Prompt -> Among the records below, find the line with "锅里放1勺油,青椒下锅煸炒,用锅铲不断挤压。" and the line with "Провожали волонтеров все, у". Set down both and every line between, exactly and with no pictures, but nothing else.

Provided information ->
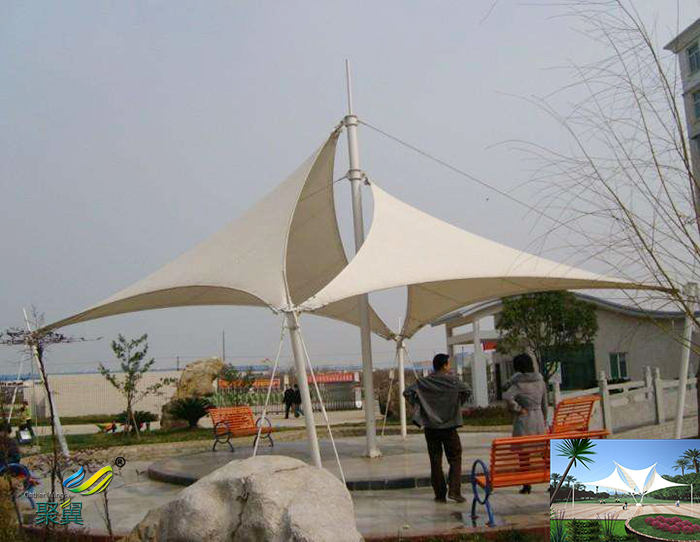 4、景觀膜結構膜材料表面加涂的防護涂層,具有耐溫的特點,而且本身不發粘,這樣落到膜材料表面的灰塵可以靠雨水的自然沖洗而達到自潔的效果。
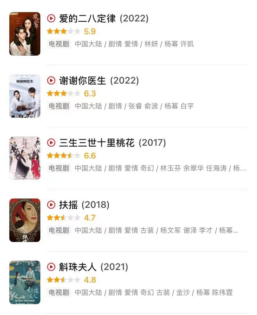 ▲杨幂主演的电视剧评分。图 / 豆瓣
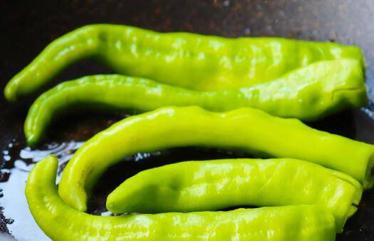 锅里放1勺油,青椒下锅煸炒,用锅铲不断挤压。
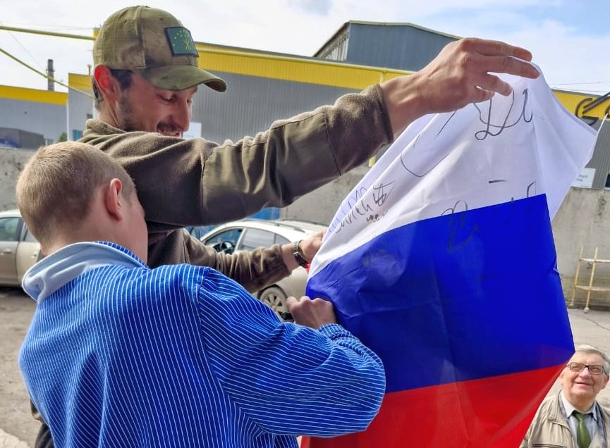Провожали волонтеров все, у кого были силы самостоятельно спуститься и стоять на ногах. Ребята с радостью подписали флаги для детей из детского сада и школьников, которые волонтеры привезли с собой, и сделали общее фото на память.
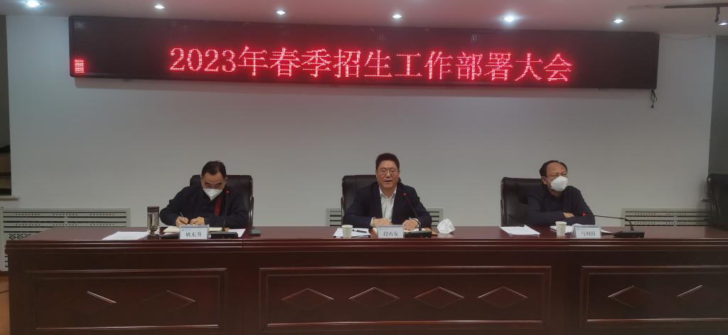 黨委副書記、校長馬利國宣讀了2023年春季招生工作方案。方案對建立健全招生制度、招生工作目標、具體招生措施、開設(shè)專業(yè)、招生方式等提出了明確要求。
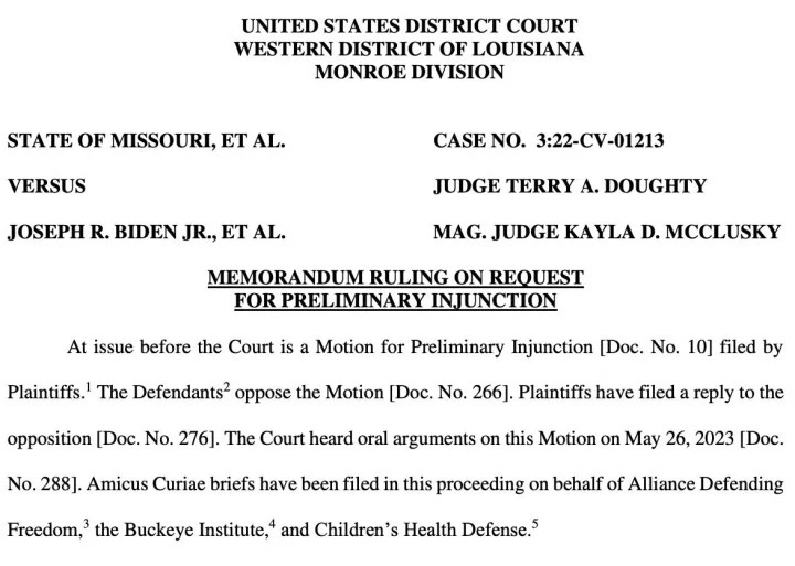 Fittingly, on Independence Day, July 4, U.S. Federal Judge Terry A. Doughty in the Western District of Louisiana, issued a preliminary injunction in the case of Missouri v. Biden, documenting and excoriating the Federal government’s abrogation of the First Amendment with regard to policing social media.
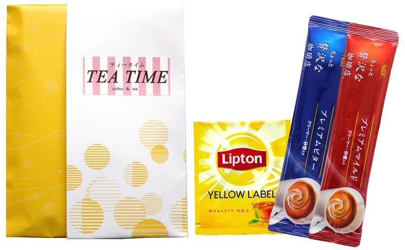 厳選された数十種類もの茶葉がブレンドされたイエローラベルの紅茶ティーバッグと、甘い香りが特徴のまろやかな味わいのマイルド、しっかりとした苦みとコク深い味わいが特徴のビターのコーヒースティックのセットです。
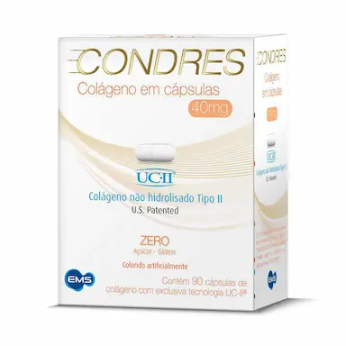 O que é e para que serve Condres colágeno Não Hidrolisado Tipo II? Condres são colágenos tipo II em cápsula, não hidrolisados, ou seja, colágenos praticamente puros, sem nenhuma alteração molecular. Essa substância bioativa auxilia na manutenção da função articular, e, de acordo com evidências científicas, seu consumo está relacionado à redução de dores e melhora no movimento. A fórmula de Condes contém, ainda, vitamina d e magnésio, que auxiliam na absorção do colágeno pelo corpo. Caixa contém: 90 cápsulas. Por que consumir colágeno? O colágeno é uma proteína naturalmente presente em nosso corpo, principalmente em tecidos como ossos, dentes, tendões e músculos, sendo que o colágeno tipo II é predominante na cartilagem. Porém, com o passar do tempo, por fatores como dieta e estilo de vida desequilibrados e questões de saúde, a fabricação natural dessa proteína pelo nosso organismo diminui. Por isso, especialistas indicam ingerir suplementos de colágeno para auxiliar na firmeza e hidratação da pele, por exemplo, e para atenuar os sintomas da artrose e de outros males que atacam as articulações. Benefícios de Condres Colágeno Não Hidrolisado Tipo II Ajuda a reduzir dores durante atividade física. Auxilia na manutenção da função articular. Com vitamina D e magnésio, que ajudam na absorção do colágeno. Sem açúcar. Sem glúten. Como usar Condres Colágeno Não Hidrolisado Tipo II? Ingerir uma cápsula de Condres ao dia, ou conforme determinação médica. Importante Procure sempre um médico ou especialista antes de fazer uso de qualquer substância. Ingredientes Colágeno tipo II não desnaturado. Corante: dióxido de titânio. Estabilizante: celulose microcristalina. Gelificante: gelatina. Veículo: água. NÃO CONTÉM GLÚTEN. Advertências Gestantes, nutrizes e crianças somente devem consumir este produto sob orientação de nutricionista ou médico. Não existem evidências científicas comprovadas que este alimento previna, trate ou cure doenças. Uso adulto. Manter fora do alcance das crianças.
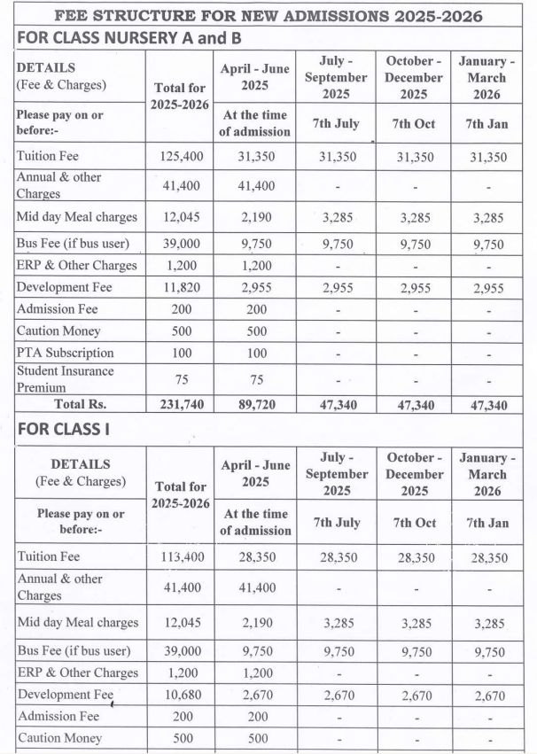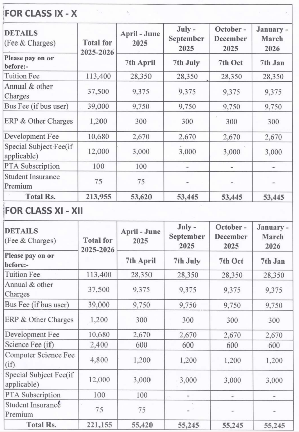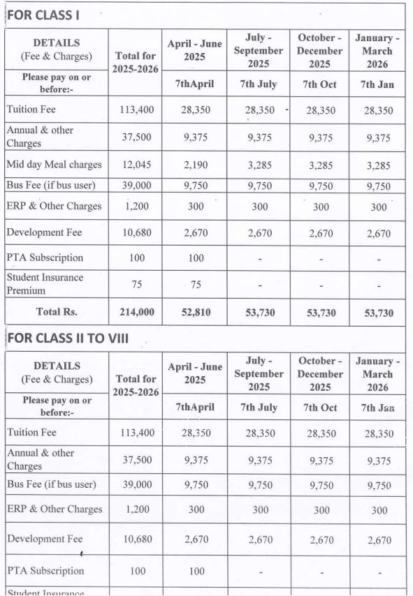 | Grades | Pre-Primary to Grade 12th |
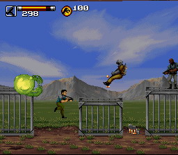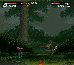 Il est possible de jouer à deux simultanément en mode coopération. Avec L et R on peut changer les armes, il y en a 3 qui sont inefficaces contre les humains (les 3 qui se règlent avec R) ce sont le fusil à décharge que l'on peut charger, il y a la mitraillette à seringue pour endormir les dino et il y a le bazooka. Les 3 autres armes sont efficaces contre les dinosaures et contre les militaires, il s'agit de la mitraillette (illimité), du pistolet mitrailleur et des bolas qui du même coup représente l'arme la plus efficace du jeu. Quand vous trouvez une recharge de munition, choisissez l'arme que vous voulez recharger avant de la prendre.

---

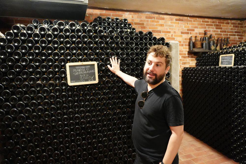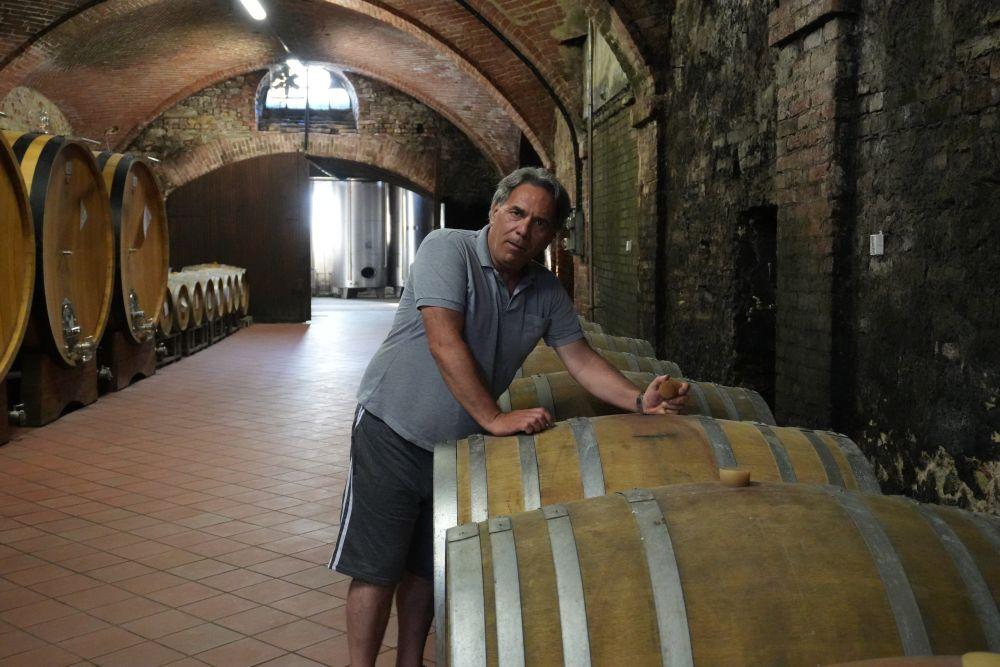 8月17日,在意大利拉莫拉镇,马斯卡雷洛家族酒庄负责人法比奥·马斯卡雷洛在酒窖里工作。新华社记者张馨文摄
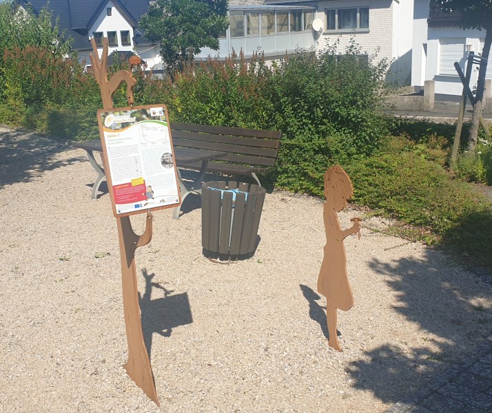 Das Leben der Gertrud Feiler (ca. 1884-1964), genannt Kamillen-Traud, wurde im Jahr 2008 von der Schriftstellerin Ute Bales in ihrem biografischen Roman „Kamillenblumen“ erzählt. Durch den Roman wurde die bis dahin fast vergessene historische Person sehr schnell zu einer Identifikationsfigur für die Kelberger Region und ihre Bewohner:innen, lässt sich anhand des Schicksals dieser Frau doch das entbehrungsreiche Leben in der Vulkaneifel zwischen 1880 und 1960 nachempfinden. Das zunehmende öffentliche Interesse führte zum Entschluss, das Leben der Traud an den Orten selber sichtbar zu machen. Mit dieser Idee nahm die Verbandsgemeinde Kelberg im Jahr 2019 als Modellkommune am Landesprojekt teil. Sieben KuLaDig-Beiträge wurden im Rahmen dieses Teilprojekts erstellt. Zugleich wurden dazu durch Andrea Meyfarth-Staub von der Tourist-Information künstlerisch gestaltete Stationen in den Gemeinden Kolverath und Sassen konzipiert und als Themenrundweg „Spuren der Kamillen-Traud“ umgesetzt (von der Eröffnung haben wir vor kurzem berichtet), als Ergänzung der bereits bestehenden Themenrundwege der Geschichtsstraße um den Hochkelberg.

Answer box ->
 锅里放1勺油,青椒下锅煸炒,用锅铲不断挤压。
Провожали волонтеров все, у кого были силы самостоятельно спуститься и стоять на ногах. Ребята с радостью подписали флаги для детей из детского сада и школьников, которые волонтеры привезли с собой, и сделали общее фото на память.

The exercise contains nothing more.